PgConf.Russia 2017 talks

Accelerating queries of set data types with GIN, GiST, and custom indexing extensions

Markus Nullmeier
University of Heidelberg, software developer

Markus Nullmeier has been working in diverse fields such as low-temperature physics and image processing, as well as numerical simulation of combustion, polymerisation, and fluid dynamics. Nowadays, he gets into back-end matters of astronomical databases running on PostgreSQL, working in the context of the International Virtual Observatory Alliance. With respect to PostgreSQL, his main interests are custom data types and their indexing.

Sets are apparently a useful data type for many kinds of applications. While PostgreSQL offers no built-in set data type, sets may be emulated to some degree with its built-in array and JSONB data types. Also, acceleration of respective containment (subset) queries is readily available as a built-in feature of the GIN index type.

Starting with the above, we will then explore the performance gains enabled by custom set data types, and especially by customisation code in C ("operator classes") for the GIN and GiST index types. Then, we will introduce a specialised set data type implementation, where subsequent integers are compressed via run-length encoding, being motivated by spatial tessellations used in astronomy. There, neither GIN nor GiST as such may be used for efficient indexing. However, since PostgreSQL 9.6, it is possible to write your own full-featured index types, which may be plugged into the system as a regular PostgreSQL extension.
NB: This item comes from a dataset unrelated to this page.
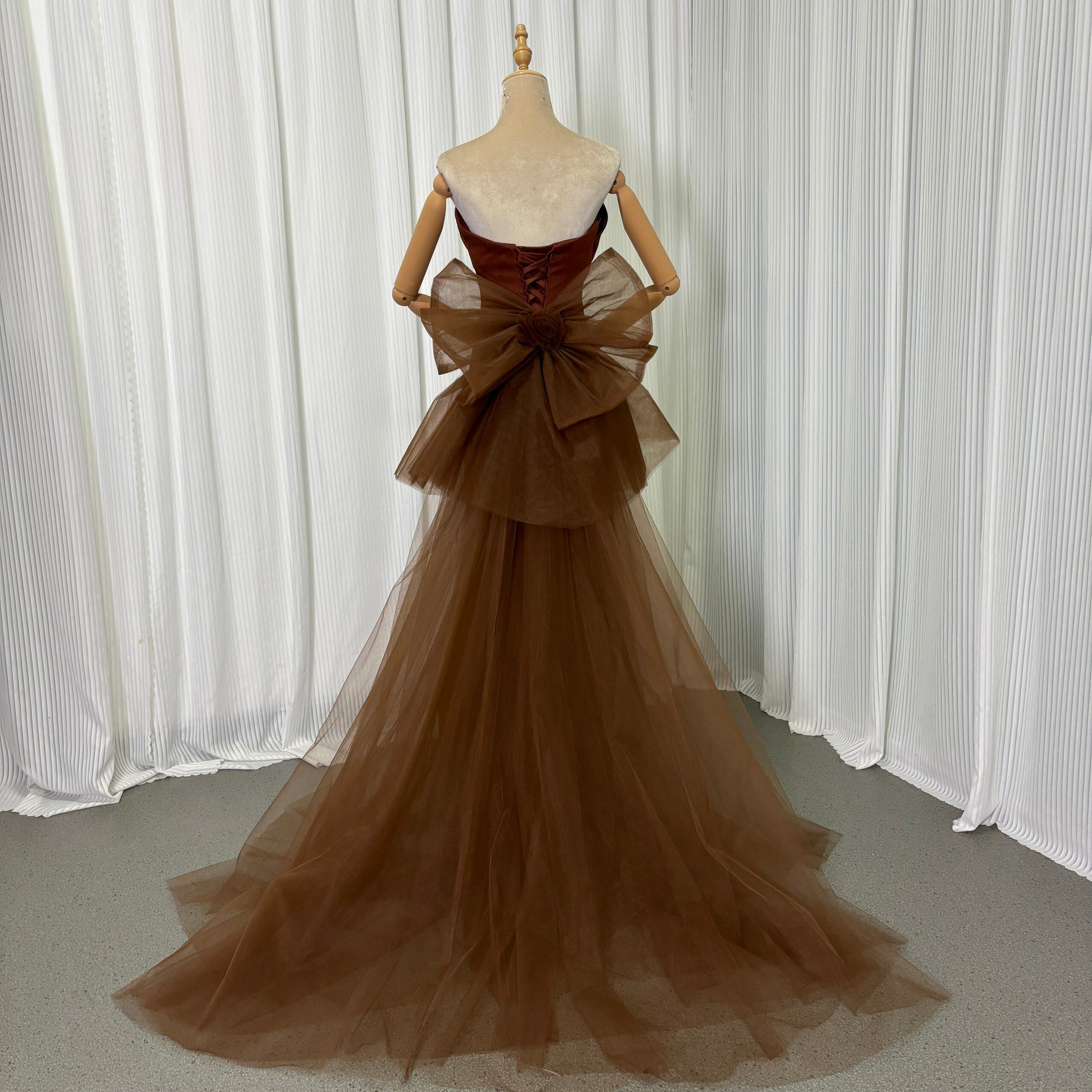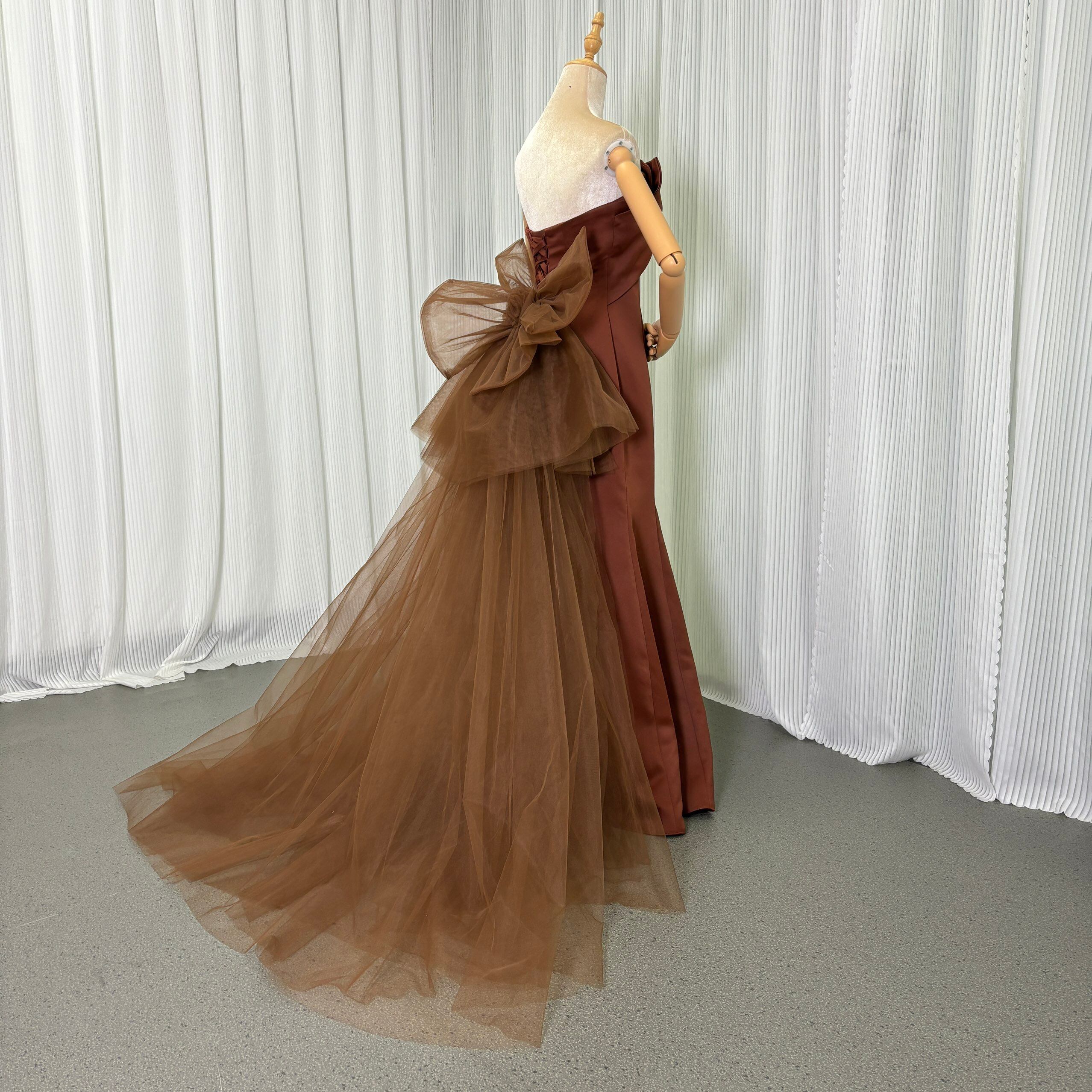 カラードレス テラコッタ色 ベアトップ ふっくら柔らかなバックリボン 編み上げ 細見えシルエット デザイン感 前撮り

One such extension is RUM from Postgres Professional -- an improved implementation of GIN. We will present our modifications to RUM, called "OUZO", where the handling of the key (i. e., set element) data type allows for run-length encoding. This enables useful indexing of the above compressed-set data type. We will also discuss the property of GIN, RUM, and OUZO (for the time being) that key items are never deleted, in view of its performance implications for OUZO.